I totally understand where u are coming from b/c I sat back and said the samething.  Like everyone else has said, you still need a core which JKD doesnt have. Now if a person has a foundation then JKD is great to supplement with it.

I admire the fottwork that JKD employs and have used it to supplement my TKD.  I dont like the footwork of TKD so much cause it seems so linear.

I hope the avg joe doesnt take JKD in hopes of being the next Bruce without understanding Bruce had a foundation in WC


----------



## chof

what you fail to understand is j k d is the shortest distance between two points, if used correctly and mastered, no art  can compete with its logic and strategy!


----------



## jkd friend

chof said:


> what you fail to understand is j k d is the shortest distance between two points, if used correctly and mastered, no art  can compete with its logic and strategy!



very good point


----------



## Em MacIntosh

I'm guessing your personal honest expression matches WC very well and needs no modification to be the way you fight.  It already is your JKD.  Styles and patterns are something you have to fit into, or adapt for _your _use.  Having them suit you will be far more effective than you suiting them.


----------



## gino

So many politics in JKD and in martial arts period.. Such as Wing Chun as the base,or Is JKD is a style or concept...guess thats what makes JKD so mysterious..cause there r so many different forms.. I have recoginzed that some schools I have been too ..they like to sugar coat things,or not teach the "why,when and where".. for example like the tai kick.. I was taught to strike the nerve in the leg which will cause temporary lose of use of the leg if done right...I have yet to see another teacher teach it this way,but this is a part of JFKB method I learned.. and I think is sad to be looked over,or sugar coated..but still call it JKD or whatever...
   the person that taught me JKD,used JKD as one of many terms to use for the style...  
  He liked to call it "the art of adaption"  meaning =..nobodies body is the same and we all move different and have different weaknesses and strengths..
  My all time favorite ,and dont none of you steal it .... "commonsense fighting"...      blunt too the point...yep thats what JKD is!... I plan to start a MMA team using that name so it will be trademarked soon...
   and after u have to use the style a few times,it gets known as...
  "the art of destruction"...            oh boy is it...

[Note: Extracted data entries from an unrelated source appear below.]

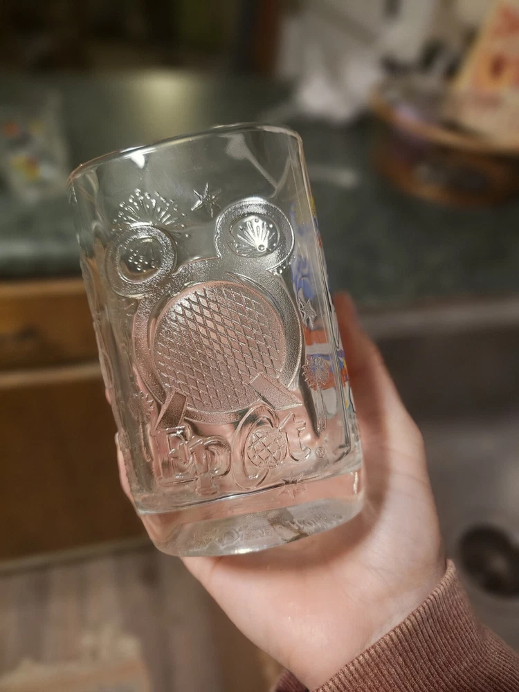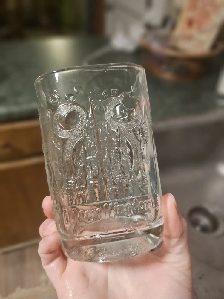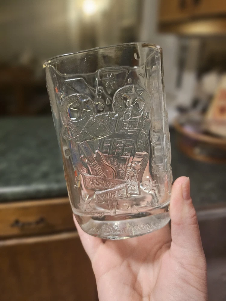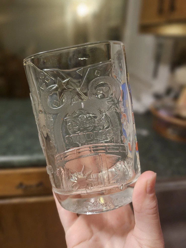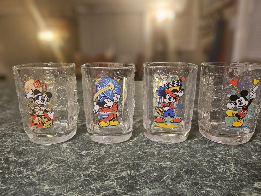 The product is a set of six glass tumblers featuring designs from the Walt Disney World 2000 Millennium Celebration, a collaboration between McDonald's and Disney. In excellent condition! Made of glass, these collectible tumblers are a nostalgic piece for fans of Disney and those who attended the Millennium Celebration at Walt Disney World in 2000. Each glass cybolizes one of the 4 parks, with two duplicate parks to make a total of 6 glasses.
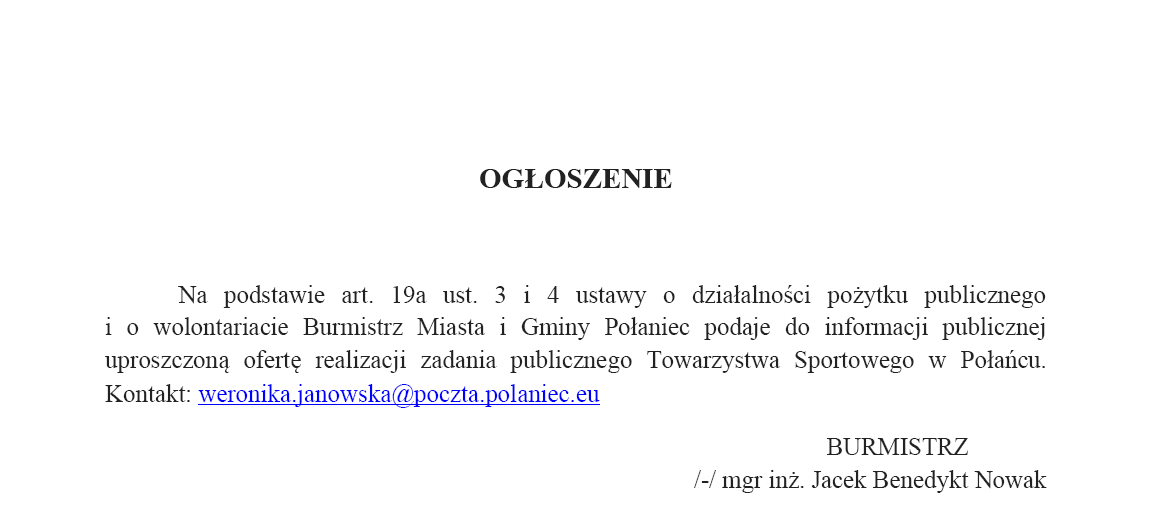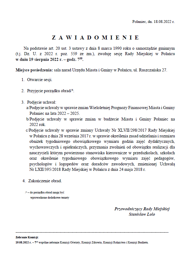Proszę Państwa ustawa z dnia 11 stycznia 2018 r. o zmianie niektórych ustaw w celu zwiększenia udziału obywateli w procesie wybierania, funkcjonowania i kontrolowania niektórych organów publicznych, nakłada na samorządy obowiązek transmisji, nagrywania i udostępniania nagrań obrad rady gminy,. Art. 20.1b ustawy o samorządzie gminnym stanowi, że obrady rady gminy są transmitowane i utrwalane za pomocą urządzeń rejestrujących obraz i dźwięk. Nagrania obrad są udostępniane w Biuletynie Informacji Publicznej i na stronie internetowej gminy oraz w inny sposób zwyczajowo przyjęty. W związku z powyższym podczas Sesji Rady Miejskiej odbywa się fotografowanie, filmowanie i rejestracja audio osób biorących w nich udział. Pozyskane w ten sposób materiały są eksploatowane na nośnikach lub publikowane w sieci Internet w celu transparentności działań Rady Miejskiej. Biorąc więc udział w Sesji Rady Miejskiej dana osoba musi być świadoma, iż przetwarza się jej wizerunek, tym samym akceptuje niniejsze warunki. Udział w publicznej Sesji Rady Miejskiej, czy wejście na teren obiektu, na którym odbywa się Sesja Rady Miejskiej, skutkuje rozpowszechnianiem wizerunku utrwalonego podczas obrad na podkreślonych polach eksploatacji tj., strona www.portal.polaniec.eu, BIP Urzędu Miasta i Gminy w Połańcu, kanał you tube oraz gazeta w celu transparentności działań Gminy.
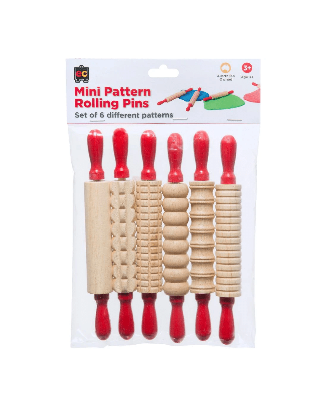 Sold by OfficeworksEducational Colours Mini Wooden Rolling Pin Patterned 6 Pack
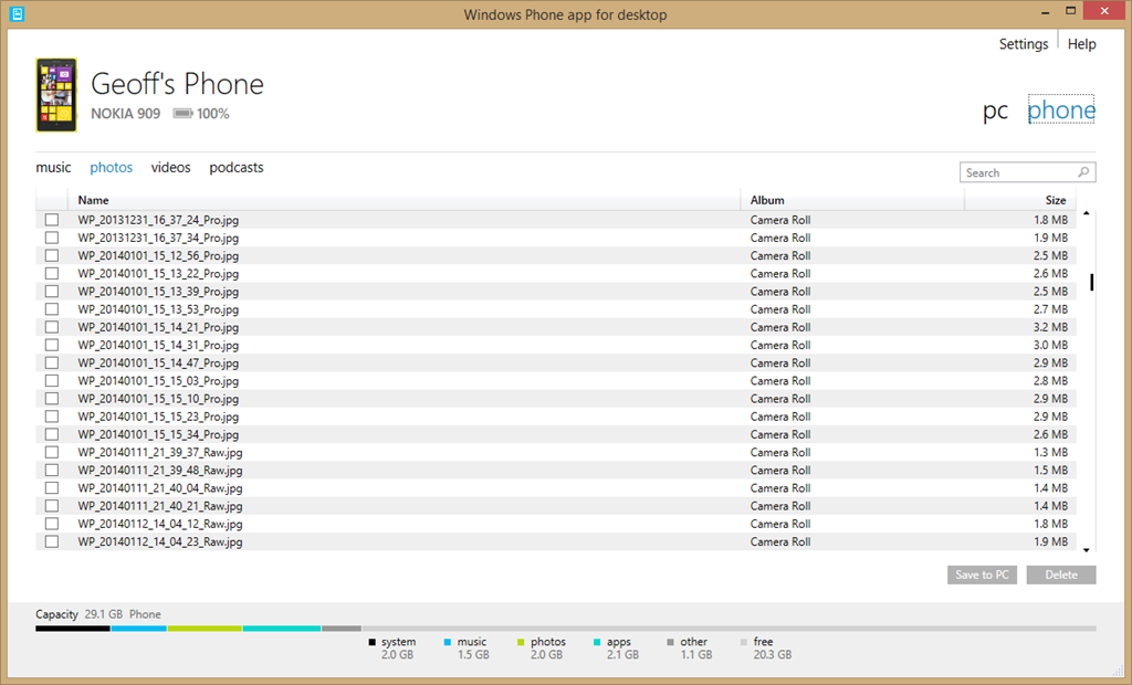 You can also use it to browse the content of your Windows Phone and manage your media on the phone if you so wish. Here’s the Album view:

 JKD is whatever u make it... To me its fighting with commonsense,trying to destroy my opponent as quickly,effectively and safely as possable...mentally and physically .... 
   but thats just me..


----------



## Kennedy_Shogen_Ryu

I have trained with a gentleman, Mr. Paul Bonner, who is a top ranked student through Guru Dan Inosanto, and I remember a conversation we had one day.  
I asked what his thought on JKD was and he replied with, "I believe there are two main forms of JKD today, the JKD that Bruce Lee taught which people are afraid to add to or change, because it will distort what he taught.  The others who understood what Bruce was about have altered or added techniques to make the style more effective which is what Bruce did.  Even Bruce before he died was not a big fan of teaching JKD because too many of his students had begun looking at him and his art as 'the way' or 'the truth'."

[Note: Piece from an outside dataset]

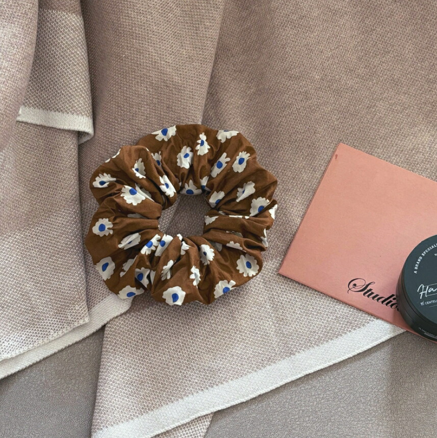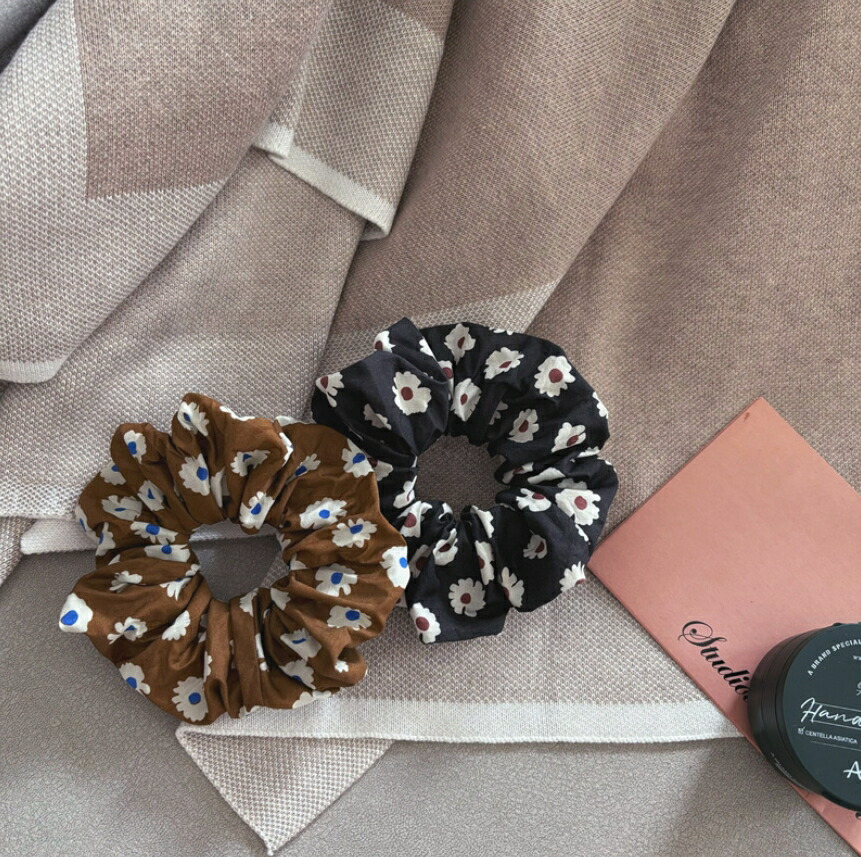 フラワーシュシュ ヘアゴム 花柄 ボリ
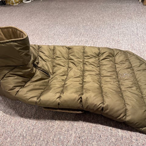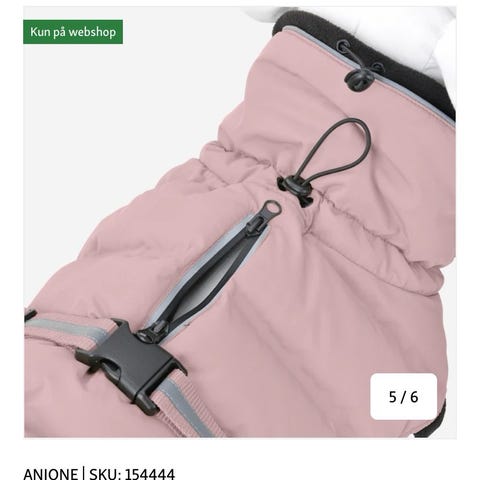Hundejakke i quiltet design i beige farve. Jakken dækker hundens ryg og bryst og lukkes omkring kroppen. Egnet til brug på gåture i køligere vejr for at give ekstra varme og beskyttelse. Er syet ind så den passer til en coton de tulear, på 8 kg

I think he makes a great point.


----------



## Indie12

gino said:


> So many politics in JKD and in martial arts period.. Such as Wing Chun as the base,or Is JKD is a style or concept...guess thats what makes JKD so mysterious..cause there r so many different forms.. I have recoginzed that some schools I have been too ..they like to sugar coat things,or not teach the "why,when and where".. for example like the tai kick.. I was taught to strike the nerve in the leg which will cause temporary lose of use of the leg if done right...I have yet to see another teacher teach it this way,but this is a part of JFKB method I learned.. and I think is sad to be looked over,or sugar coated..but still call it JKD or whatever...
> the person that taught me JKD,used JKD as one of many terms to use for the style...
> He liked to call it "the art of adaption" meaning =..nobodies body is the same and we all move different and have different weaknesses and strengths..
> My all time favorite ,and dont none of you steal it .... "commonsense fighting"... blunt too the point...yep thats what JKD is!... I plan to start a MMA team using that name so it will be trademarked soon...
> and after u have to use the style a few times,it gets known as...
> "the art of destruction"... oh boy is it...
> 
> JKD is whatever u make it... To me its fighting with commonsense,trying to destroy my opponent as quickly,effectively and safely as possable...mentally and physically ....
> but thats just me..



Well Said!


----------



## WCman1976

Man, I love threads like this. Just love talking about the philosophical side of martial arts. People who don't understand how deep MA can be should read this post! At any rate, when I was first starting out at my wing chun school, I mentioned JKD to one of the senior students there. His exact words: "You need a foundation first." This is back in 1995, and now here I am in 2012 reading the exact same opinion on this board! Over the years I have come to agree with this statement. You need to learn the rules of one system before you can break them. Yes, kicks higher than the groin break the rules of wing chun (which I also study), but I don't think the goal is to make you start thinking you should always kick high. The point is to train in that tool so you are good at it, should a situation present itself where you could pull it off. Bruce's idea was to not be limited by any one system. People can think as fanatically about their martial art style as a religious man would feel about his religion. They get bound to one "truth" and cannot admit that any other style is worthy of existence simply because it doesn't do the same thing. That's why Bruce said in the Pierre Berton interview that styles tend to separate man because they have their own doctrines, and the doctrines become the gospel truth that you cannot change. So he didn't create JKD because he wanted to teach students to always go for the head kick; he did it because it was his way of learning how to open up and free his mind.


----------



## Thunder Foot

Bc,
Very interesting ideas presented here. I also continue to study WC and JKD, and agree with a lot of the points mentioned, but there are some things that I believe are taken out of context as well. 
For example a high kick, if one can speedily kick high and maintain the ability to easily follow up or defend, then how is that detrimental to an economy of motion?  Not to forget that the said motion could have been preceded by a feint or set-up as in the case of a progressive indirect attack? Why cant these motion be economic? And to add, Bruce did not endorse the Thai kick as Im sure youve seen many of his kicks were not in that style. That is a misconception that has been furthered by some of his successors.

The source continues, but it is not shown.